Task description:
Your task is to transcribe the data exactly while omitting each picture.

Dataset records:
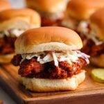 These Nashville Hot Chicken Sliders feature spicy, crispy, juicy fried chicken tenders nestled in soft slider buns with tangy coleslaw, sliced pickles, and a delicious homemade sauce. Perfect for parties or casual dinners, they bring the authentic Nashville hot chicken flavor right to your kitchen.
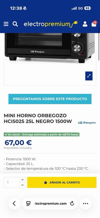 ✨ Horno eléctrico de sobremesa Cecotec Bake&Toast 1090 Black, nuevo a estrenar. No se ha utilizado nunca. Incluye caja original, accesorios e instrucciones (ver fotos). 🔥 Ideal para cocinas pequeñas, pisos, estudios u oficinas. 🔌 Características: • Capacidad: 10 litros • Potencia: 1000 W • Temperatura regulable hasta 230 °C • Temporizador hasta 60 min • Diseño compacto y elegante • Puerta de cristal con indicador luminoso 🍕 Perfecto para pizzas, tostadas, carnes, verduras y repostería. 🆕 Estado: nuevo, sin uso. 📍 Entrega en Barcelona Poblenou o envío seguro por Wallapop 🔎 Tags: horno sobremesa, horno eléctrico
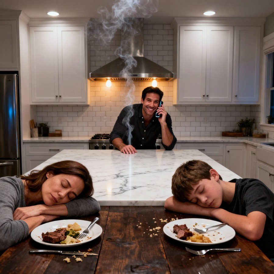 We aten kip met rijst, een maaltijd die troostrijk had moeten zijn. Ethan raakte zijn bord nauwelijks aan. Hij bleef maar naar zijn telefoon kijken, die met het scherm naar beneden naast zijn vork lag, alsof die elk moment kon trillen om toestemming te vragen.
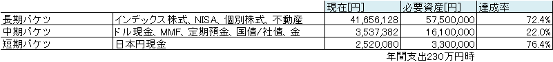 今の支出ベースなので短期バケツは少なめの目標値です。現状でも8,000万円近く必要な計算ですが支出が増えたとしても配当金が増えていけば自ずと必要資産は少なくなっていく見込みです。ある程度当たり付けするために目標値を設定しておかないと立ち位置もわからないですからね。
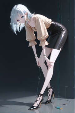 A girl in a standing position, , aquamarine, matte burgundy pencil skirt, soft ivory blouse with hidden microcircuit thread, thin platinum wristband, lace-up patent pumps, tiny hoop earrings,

Output for this exercise:
 These Nashville Hot Chicken Sliders feature spicy, crispy, juicy fried chicken tenders nestled in soft slider buns with tangy coleslaw, sliced pickles, and a delicious homemade sauce. Perfect for parties or casual dinners, they bring the authentic Nashville hot chicken flavor right to your kitchen.
 ✨ Horno eléctrico de sobremesa Cecotec Bake&Toast 1090 Black, nuevo a estrenar. No se ha utilizado nunca. Incluye caja original, accesorios e instrucciones (ver fotos). 🔥 Ideal para cocinas pequeñas, pisos, estudios u oficinas. 🔌 Características: • Capacidad: 10 litros • Potencia: 1000 W • Temperatura regulable hasta 230 °C • Temporizador hasta 60 min • Diseño compacto y elegante • Puerta de cristal con indicador luminoso 🍕 Perfecto para pizzas, tostadas, carnes, verduras y repostería. 🆕 Estado: nuevo, sin uso. 📍 Entrega en Barcelona Poblenou o envío seguro por Wallapop 🔎 Tags: horno sobremesa, horno eléctrico
 We aten kip met rijst, een maaltijd die troostrijk had moeten zijn. Ethan raakte zijn bord nauwelijks aan. Hij bleef maar naar zijn telefoon kijken, die met het scherm naar beneden naast zijn vork lag, alsof die elk moment kon trillen om toestemming te vragen.
 今の支出ベースなので短期バケツは少なめの目標値です。現状でも8,000万円近く必要な計算ですが支出が増えたとしても配当金が増えていけば自ずと必要資産は少なくなっていく見込みです。ある程度当たり付けするために目標値を設定しておかないと立ち位置もわからないですからね。
 A girl in a standing position, , aquamarine, matte burgundy pencil skirt, soft ivory blouse with hidden microcircuit thread, thin platinum wristband, lace-up patent pumps, tiny hoop earrings,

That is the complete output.